AUD slips on spike in unemployment rate
The Australian dollar lost ground overnight after the Australian unemployment rate spiked higher in October. A delayed recovery post-lockdown meant the unemployment rate rose to 5.2% from 4.6% in September. That confounded market forecasts of 4.8% as Australian employers shed 46,300 jobs. That’s the 3d fall on the trot and certainly looks like it may delay interest rate rises from the Reserve Bank of Australia. Hence the GBPAUD rate pushed up from an overnight low of AUD 1.8275 to this morning’s AUD 1.8350.
USD strengthens on inflation and China agreement
An agreement between China and the US to work on climate change policies has helped the US Dollar make some headway. Ironically, the US has also threatened China if there is an attack on Taiwan. That too adds strength to the US Dollar as investors search for safe-havens. Add in stronger than expected 6.2% US inflation (the fastest pace since 1990) which boosted the expectation that the US base rate could start rising as early as Q2 2022, and the overnight strength in the USD is understandable. The GBPUSD rate has dropped 2 cents in the last couple of days and starts Thursday clinging on to $1.34 by its fingernails.
EURUSD at 15 months low
That USD strength is also playing out in the EURUSD rate. This pair has dropped to levels last seen in July 2020. At this morning’s $1.1475, the momentum is very clearly downward. Technically, this pair could make $1.12 to complete a retracement after a yearlong head and shoulders pattern between July 2020 and August 2021.

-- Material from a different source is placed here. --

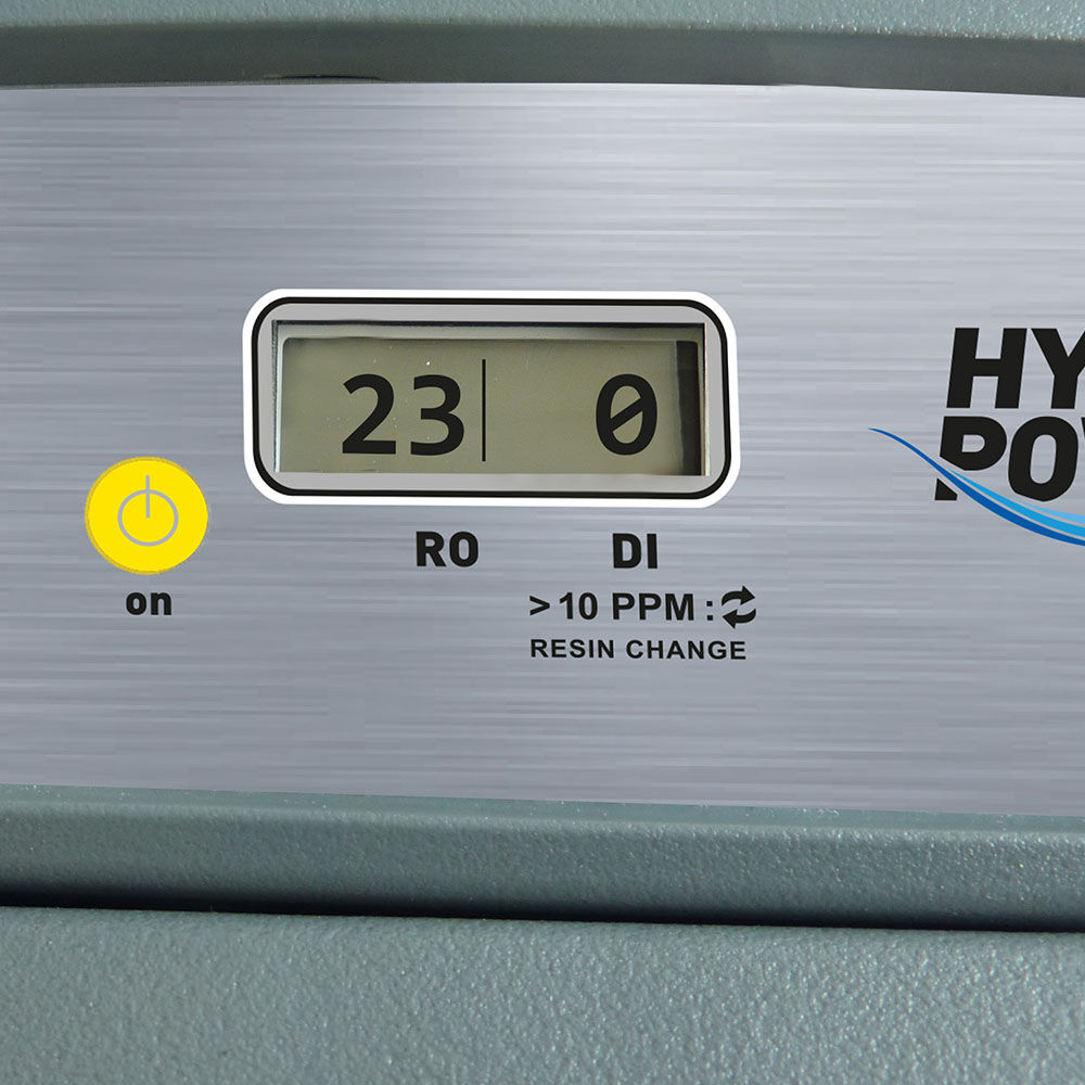 Der HydroPower RO M entmineralisiert das Wasser in einem 3-stufigen Prozess. Der Kombi-Vorfilter entfernt Feinpartikel und Chlor. Die Hochleistungs-Doppelmembran filtert bis zu 98 % der Mineralien heraus. In der dritten Stufe werden die verbliebenen Mineralien durch ein Ionenaustauschharz gebunden.
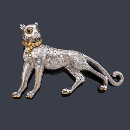Broche con diseño de pantera con salpicado de brillantes de aprox. 3,00 ct en total con rubí y pareja de esmeraldas.

The Canadian Dollar is tracking the USD. GBPCAD is down to a level last seen in March 2020 and appears to have broken the trading range it occupied from March 2020 to September 2021. That range was roughly 6 cents wide. A full-extension below that range would take GBPCAD to CAD1.63. So beware if you are a CAD buyer.
The GBPEUR exchange rate is still hooked to €1.17 by a bungee cord. The range this week has been just over half a cent – €1.1670 to €1.1730. You would have to suspect the Pound would be stronger were it not for the threat that the British Government might step away from the Northern Ireland agreement under the Brexit agreement. This morning’s release of UK GDP data showed a slightly weaker than forecast growth level in UK economic activity and that is undoubtedly holding the Pound back. 6.6% growth in the year to September is a tad down from the 6.8% forecasts but solid growth in construction and decent growth in manufacturing all helped steady the ship.
There isn’t a huge amount of tier one data for the rest of the day, so a degree of range trading is likely.
Quiet trading on Veteran’s Day/ Armistice Day
Today will also be quieter because it is Veterans Day in the US and many other allied nations commemorate the 11th of November as the day the guns fell silent at the end of the first World War. It always galls me that the UK shifts the marking of that momentous event to the nearest convenient Sunday. Approximately 20 million people lost their lives in WW1 and 21 million were injured in one way or another. I think that deserves a moment of reflection at 11 am.